130 graduates share thesis projects, research, collaboration
Thermodynamics, toxicological assessment, salaries in the NBA, transgenic biotechnology, the philosophy of leadership, colonial Latin America, zebrafish and dynamic time warping.
These are just a few of the theses the graduating class from the University Honors College’s presented during the annual thesis fair Friday.
“This is our largest fair ever,” said LeeAnn Baker, University Honors College director of student success and engagement.
With nearly 130 projects, the Valley Library rotunda and surrounding hallways were full of student thesis posters.
After completing and defending an honors thesis, students then earn an honors baccalaureate degree in accompaniment to their chosen major.
“Students spend typically four terms working with a faculty member on campus through mentorship,” Baker said.
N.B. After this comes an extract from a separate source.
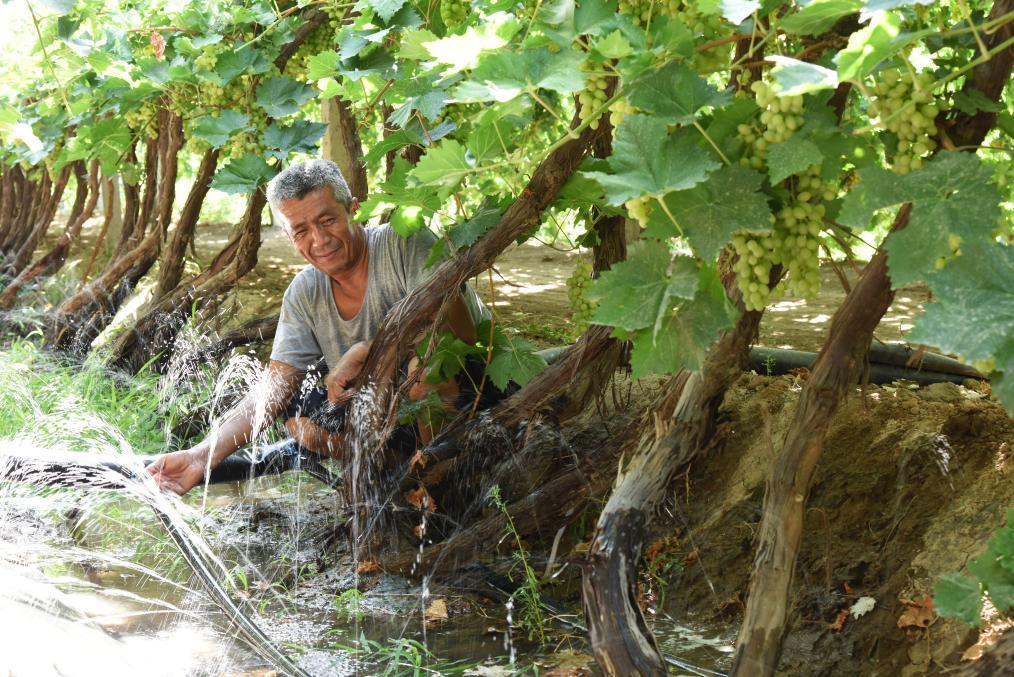 “以前种葡萄20天浇一次水,一年浇十一二次用水900方;现在10天浇一次,一年浇十八次用水700方,9亩地一年能省500块水费哩!”春暖花开,新疆吐鲁番鄯善县果农阿不力孜·阿不都热衣木先花几天时间把埋了一冬天的藤蔓上架,准备再用几天把用于灌溉的微喷带铺设到位。

The collaboration with faculty during this process is a way for students to engage with campus resources and explore options post graduation. Students create theses in a variety of disciplines, whether in preparation for graduate school or for entering the work force.
“We are represented by every undergraduate college,” Baker said.
As such, the thesis projects cover a wide range of projects across disciplines, and students are not required to choose a project that is in their major department.
Alexandra McConnell will be receiving her degree in electrical and computer engineering this spring, but she chose to do her thesis with a mentor from the School of Design and Human Environment.
“I’ve been doing sewing, weaving and knitting all my life,” McConnell said. “I do medieval recreationism, and this fit right in.”
As part of her project, “Re-Examining Medieval Irish Women’s Dress between 750 and 900 CE,” McConnell sewed a dress as a recreation of what Irish women may have worn.
“I constructed it as an approximation based on the other evidence that was available,” McConnell said.
Kyle Thompson, on the other hand, chose a thesis topic in very close relation to his upcoming degree in electrical engineering. In his project, “Designing for the Future: A Software Architecture Inspired by Internationally Developed Virtual Laboratories,” Thompson created a virtual version of the laboratories he has used in electrical engineering courses.
“This is a virtual version of those lab experiences,” Thompson said.
Simulating the lab experience can save time and money with the investment of physical lab equipment.
“You can achieve things in a virtual lab that you can’t in a physical lab,” Thompson said.
Shireen Weik, graduating with a major in sociology and a minor in business entrepreneurship, was also interested in the hands-on aspects of her education. Her thesis is titled “Developing the next generation of corporate social responsibility employees: the case of Enactus at Oregon State University.”
Enactus is an international organization that focuses on helping university students practice business skills like entrepreneurship, finances and ethics in real-world situations.
“How are you able to apply what you learn in the classroom in the real world?” Weik asked in her thesis.
Applying the concepts learned in the classroom is a central goal of the thesis program. The fair allowed students to display their accomplishments over the course of the thesis project and as a summation of their undergraduate education.
“This is our event to celebrate,” Baker said.